> _HOW TO COMPLETE THIS TASK_
Your output should be the lines from the one containing "Digitálne vysielačky Lexibook" through the end of the listing, exact and inclusive, with no pictures.

++++ DATA

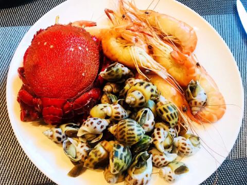 蛋糕点心,三文鱼刺身,龙虾,烤生蚝,甜品布丁,雪糕,榴莲蛋糕,蒜茸生蚝,椰子炖汤,蟹腿,炭烧生蚝,三文鱼扒,冻海鲜,椰子炖鸡
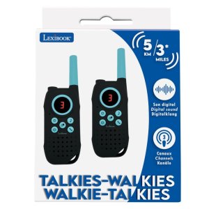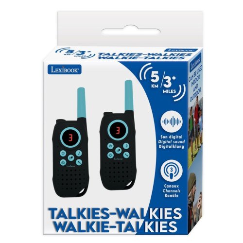 Digitálne vysielačky Lexibook sú navrhnuté tak, aby deťom aj dospelým umožnili jednoduchú a spoľahlivú komunikáciu na vzdialenosť až 5 km. Vysielačky majú kompaktný a ergonomický dizajn s čiernym telom a svetlomodrými tlačidlami a anténou, čo im dodáva moderný a prehľadný vzhľad. Na prednej strane nájdete jednoduché ovládacie prvky vrátane tlačidla zapnutia, regulácie hlasitosti, voľby kanála a tlačidla na zapnutie podsvietenia displeja. Displej ukazuje aktívny kanál červenými číslicami, čo uľahčuje rýchle nastavenie komunikácie.
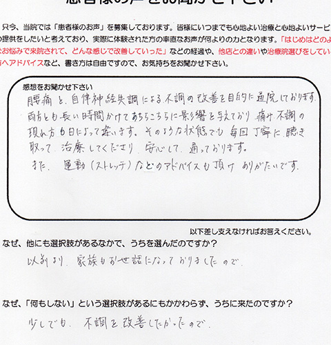 腰痛と自律神経失調による不調の改善を目的に通院しております。両方とも長い時間かけてあちらこちらに影響を与えており、痛み不調の現れ方も日によって違います。そのような状態でも毎回丁寧に聞き取って治療してくださり、安心して通っております。また、運動(ストレッチ)などのアドバイスも頂けてありがたいです。
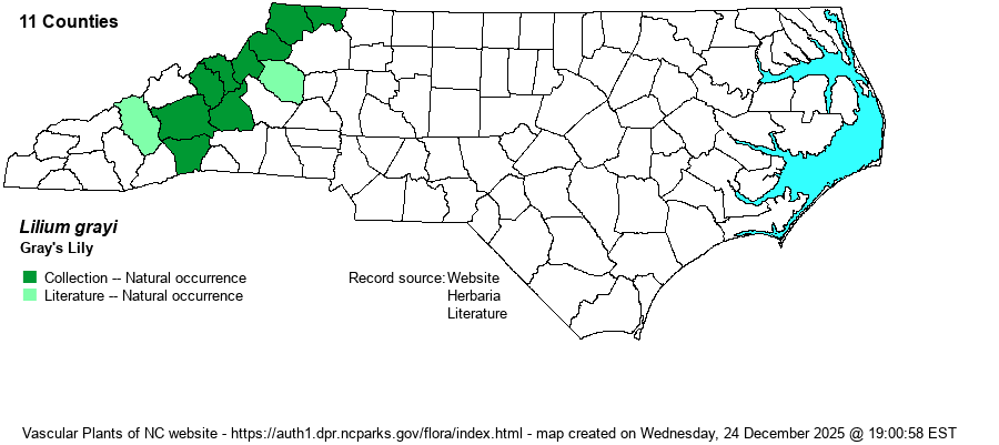 | Habitat | This lily favors cool microclimates at the higher elevations, mainly over 4,000 feet. It has a fairly wide array of habitats, though most tend to have some moisture. It grows in moist grassy balds, high elevation forests along seepages, bogs, wet meadows, and other moist forests; some can be below 3000 feet in elevation. It is best known from grassy balds such as at Roan Mountain, but it does grow well in shaded areas where there is seepage, such as at Grandfather Mountain. | |

++++++++

> _RESPONSE BELOW_
 Digitálne vysielačky Lexibook sú navrhnuté tak, aby deťom aj dospelým umožnili jednoduchú a spoľahlivú komunikáciu na vzdialenosť až 5 km. Vysielačky majú kompaktný a ergonomický dizajn s čiernym telom a svetlomodrými tlačidlami a anténou, čo im dodáva moderný a prehľadný vzhľad. Na prednej strane nájdete jednoduché ovládacie prvky vrátane tlačidla zapnutia, regulácie hlasitosti, voľby kanála a tlačidla na zapnutie podsvietenia displeja. Displej ukazuje aktívny kanál červenými číslicami, čo uľahčuje rýchle nastavenie komunikácie.
 腰痛と自律神経失調による不調の改善を目的に通院しております。両方とも長い時間かけてあちらこちらに影響を与えており、痛み不調の現れ方も日によって違います。そのような状態でも毎回丁寧に聞き取って治療してくださり、安心して通っております。また、運動(ストレッチ)などのアドバイスも頂けてありがたいです。
 | Habitat | This lily favors cool microclimates at the higher elevations, mainly over 4,000 feet. It has a fairly wide array of habitats, though most tend to have some moisture. It grows in moist grassy balds, high elevation forests along seepages, bogs, wet meadows, and other moist forests; some can be below 3000 feet in elevation. It is best known from grassy balds such as at Roan Mountain, but it does grow well in shaded areas where there is seepage, such as at Grandfather Mountain. | |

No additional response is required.